In this prenuptial agreement, demand that before any custody decisions are even discussed you must both go through a psychological exam, and that you both agree that custody shall be determined by an impartial therapist who will make the decision based on what is best for the child.
“But James,” you may ask, “what if my fiancé refuses to sign a prenup?” Dump them. I’m not kidding - dump them now. If the person you plan to marry refuses to sign a piece of paper that will protect you from their wrath, that means that somewhere in the back of their minds they’re thinking, “You better treat me right, because I will bury you in court if you don’t.” Dump them. No joke.

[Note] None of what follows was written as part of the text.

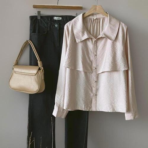 [신상오픈런]여성 사무실용 날개 디자인 핀턱 루즈핏 카라 블라우스
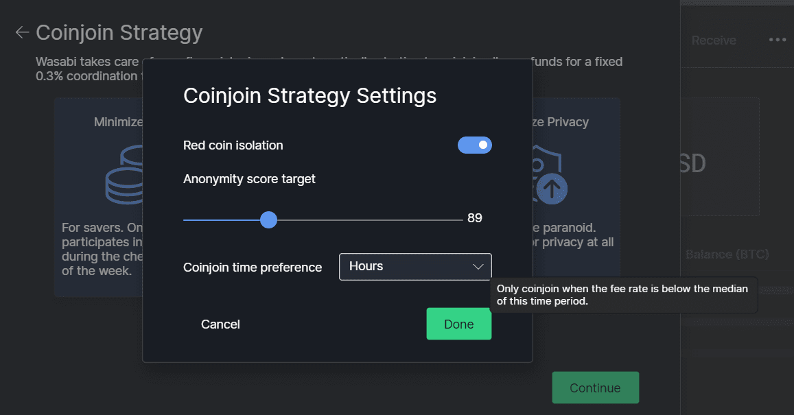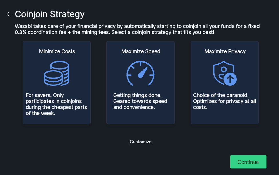 Abyste se tímto nemuseli zatěžovat, Wasabi Wallet vám nabídne 3 přednastavené varianty – defaultně nastavenou nejvyšší rychlost mixování, minimalizaci nákladů a co nejvyšší úroveň soukromí výměnou za delší dobu mixování a možné vyšší poplatky.

A final note about Baldwin: He does address, in his book, the incident where he phoned his daughter and left that horrible voice mail for her. He takes responsibility for that. He says it was born out of frustration. He was supposed to have phone access to his daughter, but his ex-wife would simply turn off the phone. After ten days without talking to his child, he snapped. He wasn’t really angry at her, he was angry at his ex and he took out that frustration on the wrong person.
Was Alec Baldwin wrong to lose his temper at his child? Yes. But I’ve lost my temper at my kids. There isn’t a parent alive who hasn’t said something horrible to their child and regretted it. Most parents don’t have to deal with that mistake being leaked to TMZ by their ex-spouse. How would you feel if the whole world saw you on your worst day?